Other great movies she saw were Garden State , written, starring and directed by Zack Braff. Nathalie Portman is a FINE actress. She carries the film, which is funny but a bit slight. But it is worth seeing (why do people go to see ninety minutes of film and then whinge about how it doesn't plumb the depths of every bit of the story. I repeat 90 minutes). Peter Sarsgaard is just FINE. Queenie is seriously thinking of slinging Clive Owen out of the mancupboard to make room for him. Also the soundtrack is worth checking out.
Queenie also went to see The King's Game, a Danish political thriller. At first, she thought that was a bit of an oxymoron, quiet little Denmark and all that, but then she remembered that the greatest political thriller of all time is set in Denmark.

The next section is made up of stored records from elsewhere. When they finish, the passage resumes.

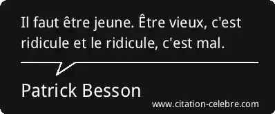 Il faut être jeune. Être vieux, c'est ridicule et le ridicule, c'est mal.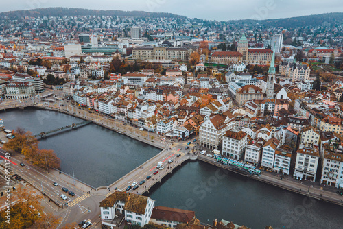 © oatawa, Fototapeta premium Aerial view of Zurich city center with Fraumunster Church and river Limmat at Lake Zurich from Grossmunster Church on autumn, Canton of Zurich, Switzerland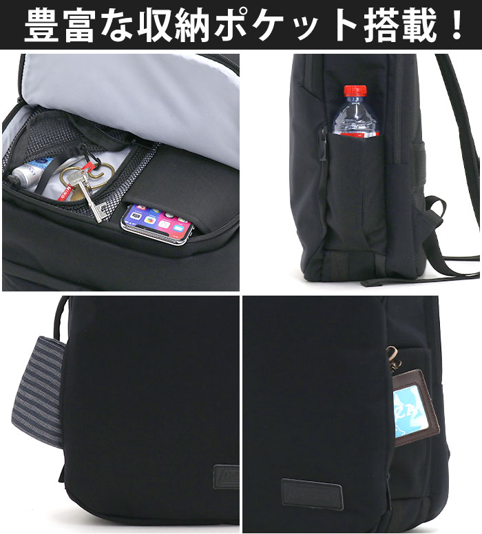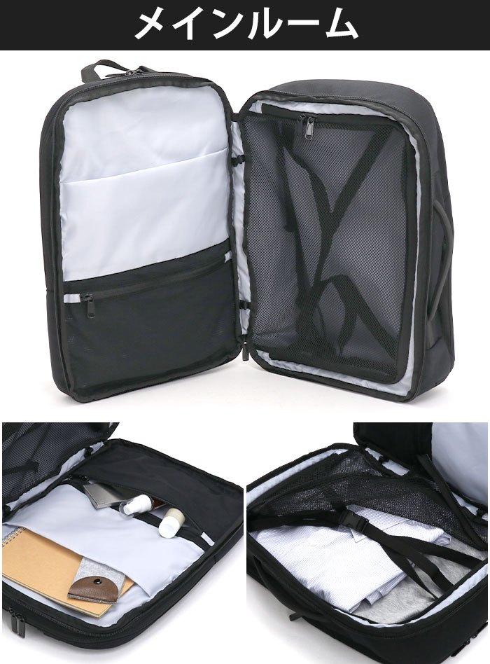 | 新しいビジネスシリーズ『OUTBIZ アウトビズ』登場! アウトドアブランドが生み出す背負い心地や快適性に優れた性能をビジネスバッグに融合させたシリーズです。 ビジネスシーンで使いやすいシンプルなフロントデザインに日々の通勤を快適にする背面とショルダー設計が魅力です。 1泊2日程度の出張に対応可能。ビジネス上必要になるタブレットやノートPCの収納に最適なPCコンパートメントに小物類をスマートに収納できるポケットを多数配置。メインコンパートメントは、フルオープン出来て荷物の整理収納がスムーズに行えます。 素材は、耐久性の高い1000デニールナイロン素材を採用。荷物のピックアップ時などに便利なハンドルをサイドとボトムに配置。 背面にトローリーバッグのプルドライブハンドルに固定し、走行時のバッグのふらつきを防ぐセットアップ機能を搭載。 シンプルで洗練されたデザインと収納性に優れたスーツにもカジュアルにもマッチするアーバンライフにぴったりのバッグです。 |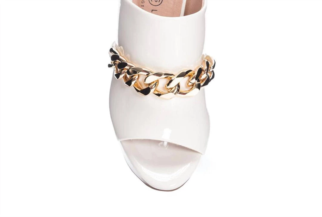 Be retro and chic in this stylish sandal with a high gloss, chain link, high platform and block heelMaterials – Synthetic upper, lining and soleHeel Height – 4.5″ with a Platform of 1.5″
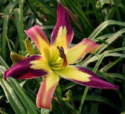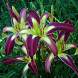 Лилейник Applique (Эплике). Спайдер, пурпурно-бордовый с зеленовато-жёлтой звездой в центре. Спайдер (паук) — лилейник с длинными узкими лепестками. Цветок огромный, от 28 см в диаметре.

King's Game is the adaptation of a novel written by a Danish spin doctor who based it on his experience of an internal struggle for power in his party. Queenie thinks she might have met this spin doctor during her years as a spinette. She certainly remembers that internal power struggle as being particularly nasty and the fall out - the coming to power of the right, an increasingly isolationist and racist Denmark - is still with us. Queenie has to have a think about European politics one of the days - maybe tonight after the Theo VanGogh documentary. I'm sure you're all creaming yourself at the thought of the nuggets of wisdom that will unearth.
Finally, Queenie recommends The Republic of Love, based on Carol Shield's novel (another great writer who died recently), directed by Deepa Mehta. Very funny take on singledom, frustration, desperation, love, fucking it up, pulling it off, and a really funny sex scene that showed a woman reaching orgasm from having her toe sucked.
Queenie would be so lucky.
Work commitments prevented Melinda and Melinda and Private from being viewed, even with tickets bought. Grrrrrrrrrr.